Water vapor (H₂O) in the atmosphere is the most abundant greenhouse gas (GHG) and plays a significant role in atmospheric chemistry and climate change [1]. The most important meteorology is that the characteristics of weather change are closely related to regional transport and seasonal variation of H₂O in the atmosphere. Without H₂O, there would be no clouds, rain and snow as these substances cannot exist without H₂O [2]. Moreover, H₂O is also the most important GHG on earth that people depend on for survival; about 90% of the global natural greenhouse effect comes from H₂O, and keeps the earth warm enough to support life [3,4]. An increase in H₂O will lead to an increase in temperature, which will cause more H₂O to be absorbed into the air. Climate warming and water absorption will increase in a spiral cycle [5,6,7]. The observed climate warming leads to an increase in comprehensive H₂O, which in turn forces further climate change [8,9]. Therefore, assessing and quantifying atmospheric H₂O is critical to constraining weather and climate models.

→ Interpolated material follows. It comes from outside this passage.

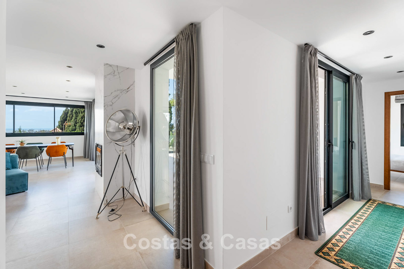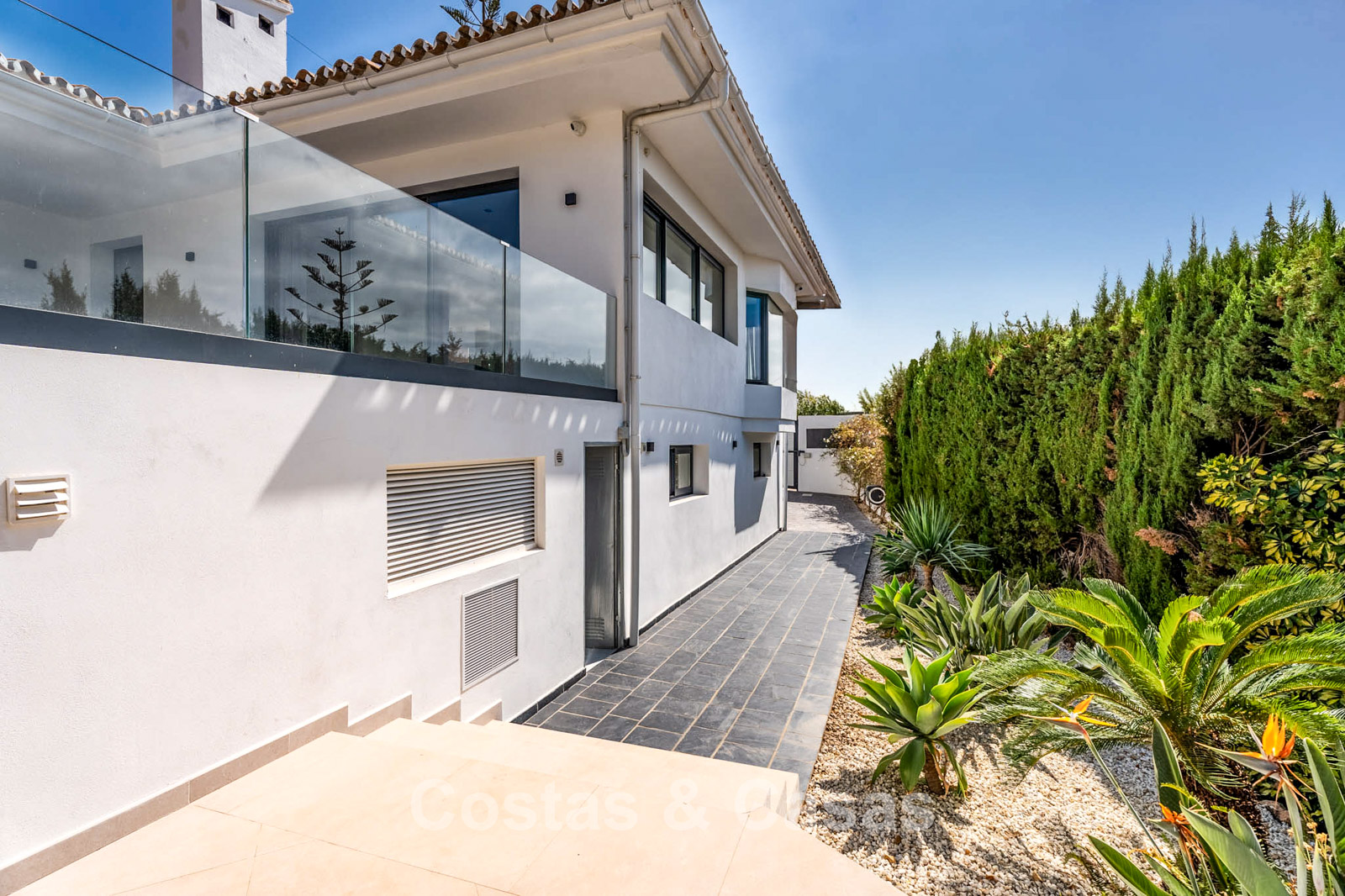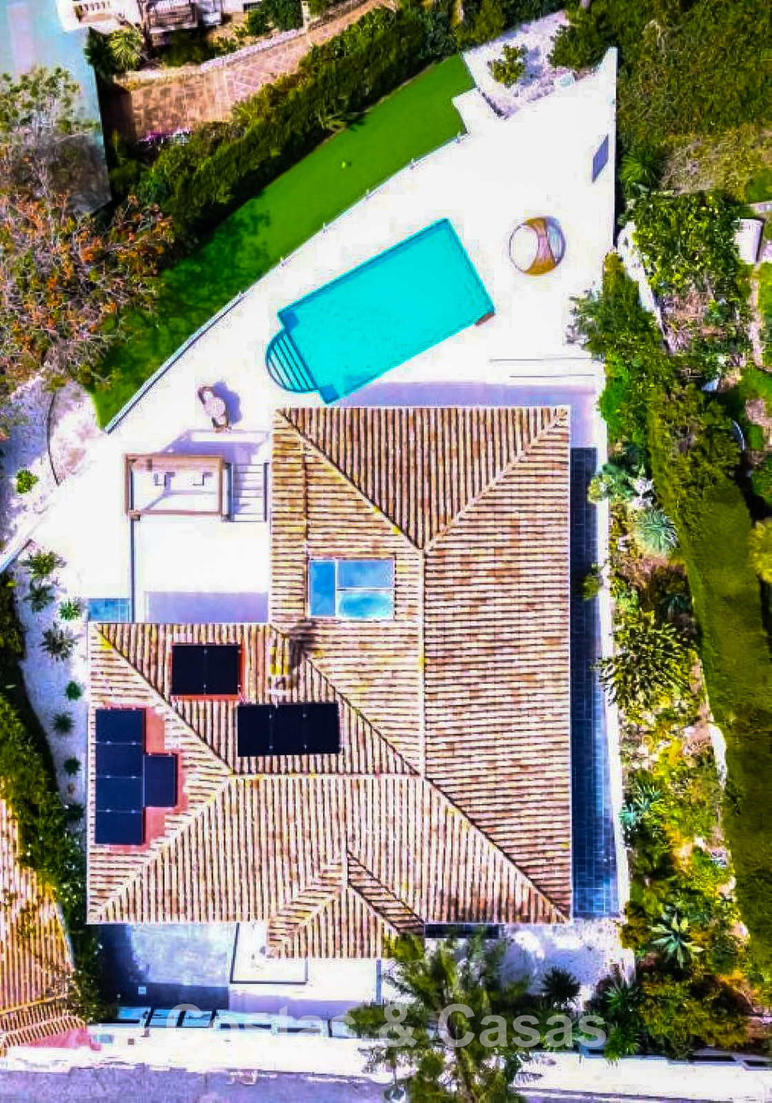 Additional features: Air conditioning (cooling and heating) Underfloor heating throughout Modern fireplace Designer fitted wardrobes Double glazing Electric shutters Glass balustrades for optimal views Alarm system and video intercom Automatic irrigation system Outdoor shower Solar panels Satellite TV

H₂O mostly exists in the troposphere, only 10% of which is up to 850 hPa and 40% up to 500 hPa [10]. H₂O has been measured by many methods and techniques. Spaceborne infrared instruments have the advantage of large-scale measurements but lack long-term and vertical data [11]. In addition, H₂O measured by satellite is often accompanied by large uncertainty, which must be verified before analysis [12]. The in situ sensors have very high accuracy and precision, but the measurement of H₂O concentration near the ground is easily affected by the landform and the vertical transmission of air masses [13,14]. Remote sensing measurement techniques can avoid the interference of the above factors. High-precision and high-accuracy remote sensing can provide key information on H₂O column concentration [15,16,17].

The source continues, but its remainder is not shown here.